Charlie Sizemore

Charlie SizemoreArtist: Charlie Sizemore
Location: Burlington, Massachusetts

In addition to being one of Bluegrass music’s most distinctive and expressive vocal stylists, Charlie Sizemore is also recognized as being one of its most literate and thoughtful songwriters, with impeccable taste in choosing lesser-known, under-appreciated, well-written tunes by other writers.

Based in Nashville, where he runs a successful law practice, Sizemore has moved a long way from his roots in eastern Kentucky, on Puncheon Creek, in the state’s quintessentially Appalachian county, Magoffin. In other ways, however, he is as deeply close as ever, as connected to the sources of his musical inspiration as when he joined Ralph Stanley’s Clinch Mountain Boys at age seventeen, replacing the late Keith Whitley, for the next nine and a half years.

“Charlie Sizemore gave me nine and one half years of honest and dependable service as lead singer in the late seventies and early eighties”, Stanley reflects today. “He was one of my top lead singers that I have had through the years. Charlie knows music and knows how to make it right.”

Not only did Sizemore give his boss Ralph Stanley “honest and dependable service,” but during that time all of Sizemore’s earlier experience and influences paid off and led to the creation of one of the most subtle and sophisticated styles of lead singing in Bluegrass today. His remarkable tone and understated attack, more like a reading of the song than a mere performance, underpin the notion that he is truly a singer’s singer, possessed of exquisite taste and feeling.

Within a month of leaving the Clinch Mountain Boys, Sizemore enrolled at the University of Kentucky, and after matriculating attending graduate school in history at Middle Tennessee State University for a while before switching paths and moving to Nashville, where he earned his law degree and passed the bar exam. By that time, he had married and started a family, with two small children, and he felt that the legal profession would be a more dependable way to support them. As the years passed, however, he grew restless and began the Charlie Sizemore Band. He recorded a series of highly-acclaimed Bluegrass albums, chief among them (and perhaps his most personal) “In My View” as well as a full-length album of Tom T. Hall songs.

The “Good News” in the title of Charlie Sizemore’s new album, his first for Rounder and available in stores August 14, 2007, is that he is back — back to recording and back out on the road. He has indeed been missed during his lengthy hiatus of the past several years, devoted to building his law practice and raising his family. He nonetheless made time to collaborate with co-producer – “co-equal” Charlie calls him – Buddy Cannon to make Good News. Of Buddy’s contribution to Good News, Sizemore says, with typical Sizemore modesty, “it simply could not have been done without him.”

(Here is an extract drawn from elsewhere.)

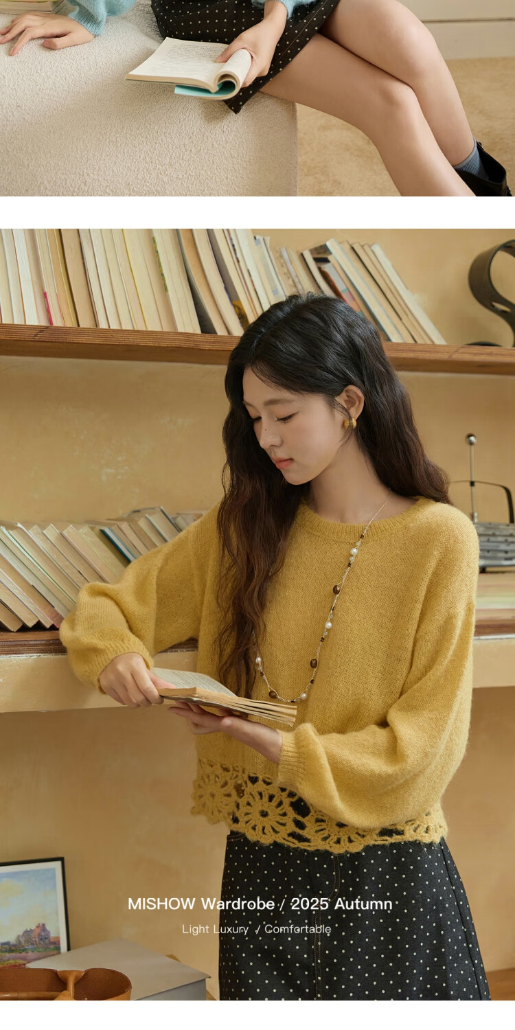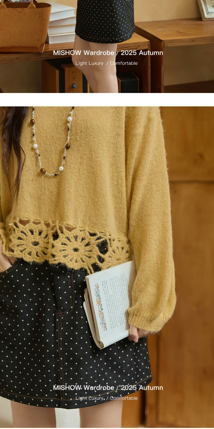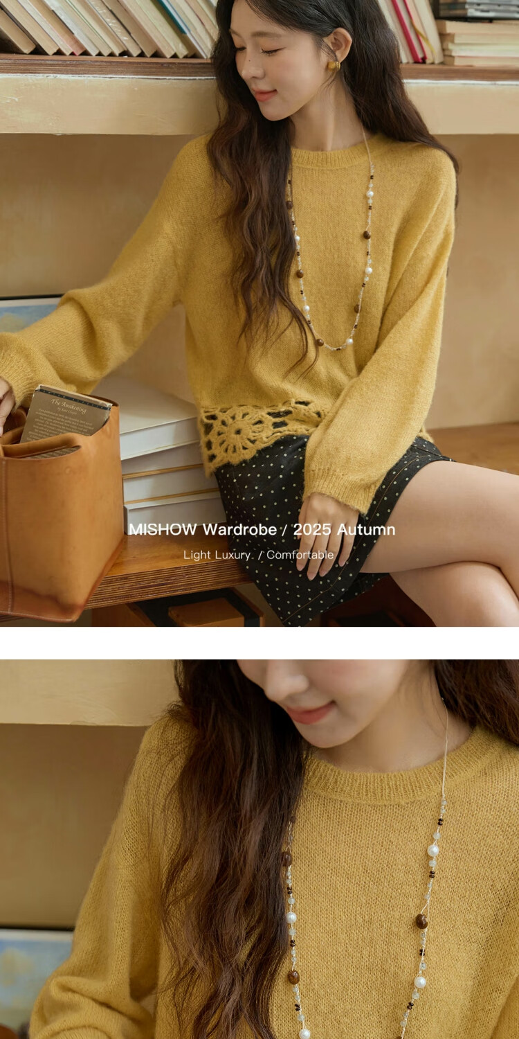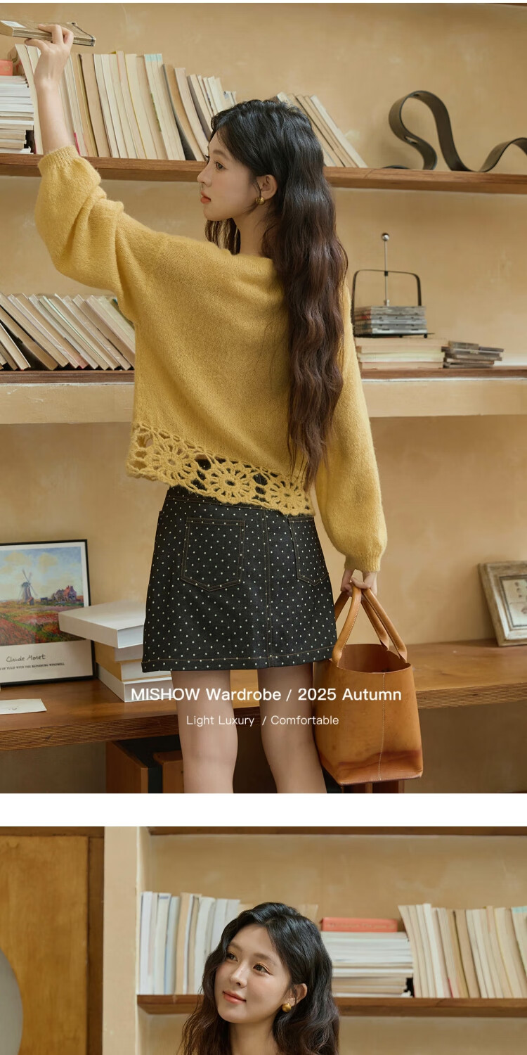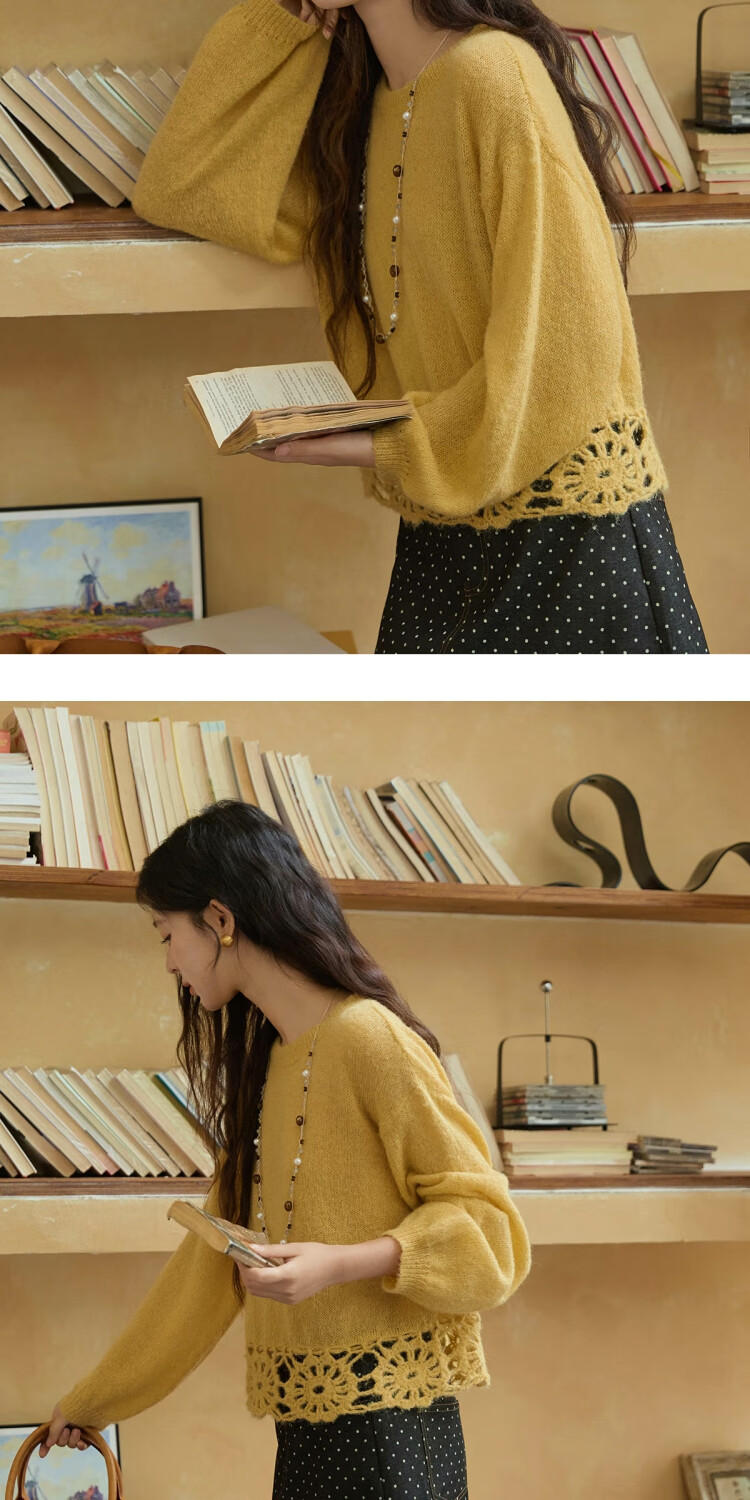Mystery Show Thin Crocheted Sweater Women's 2025 Autumn New Loose Hollow Lazy Wool Top Lemon Yellow M

Cannon himself returns the favor and says straightforwardly that no one else’s voice makes him feel the way Charlie’s does. Putting their heads together, the two came up with a sterling set of songs, each memorable in its own right, including some new Sizemore originals and some tunes that are favorites of Charlie’s going back several years. Sizemore’s goal was “to make a record that sounds like the records I liked growing up” to capture the vibrancy and “aliveness” that he first heard in recordings of Red Allen, the Stanley Brothers, and Flatt & Scruggs. Doing so represented a huge leap of faith for a perfectionist with obsessive tendencies in the studio like Sizemore, but one which ultimately brought out the best in singers, players, and producers.

More modestly, however, this was a record made “live,” and with minimal pressure; it’s the quickest record Sizemore has made since his younger days of recording with Ralph Stanley. “Silver Bugle”, a song drawn from local Puncheon Creek Civil War lore, is an idea Sizemore has carried around with him for fifteen years. Written with Tom T. and Dixie Hall, it has already become a favorite in his live performances. Cannon and Sizemore wrote “I Won’t Be Far From Here”, inspired by an old necktie of Carter Stanley’s placed by their side while they were writing the song, virtually channeling the feel of the late Carter Stanley’s songs.

The many musical highlights of Good News amply testify to the richness and depth of Sizemore’s influences and background, from playing music with his father in a band lead by local east Kentucky musician/showman/bootlegger Lum Patton to his time with Melvin Goins prior to joining Ralph Stanley’s Clinch Mountain Boys, and then going off to form his own band and make his own recordings.

To this day, Charlie takes with him the spirit of humble perseverance and dedication set forth by his heroes — mountain men at heart who were true to their word, worked diligently, and endlessly honed their craft. True to his word, Charlie Sizemore’s new album title, Good News, is just that.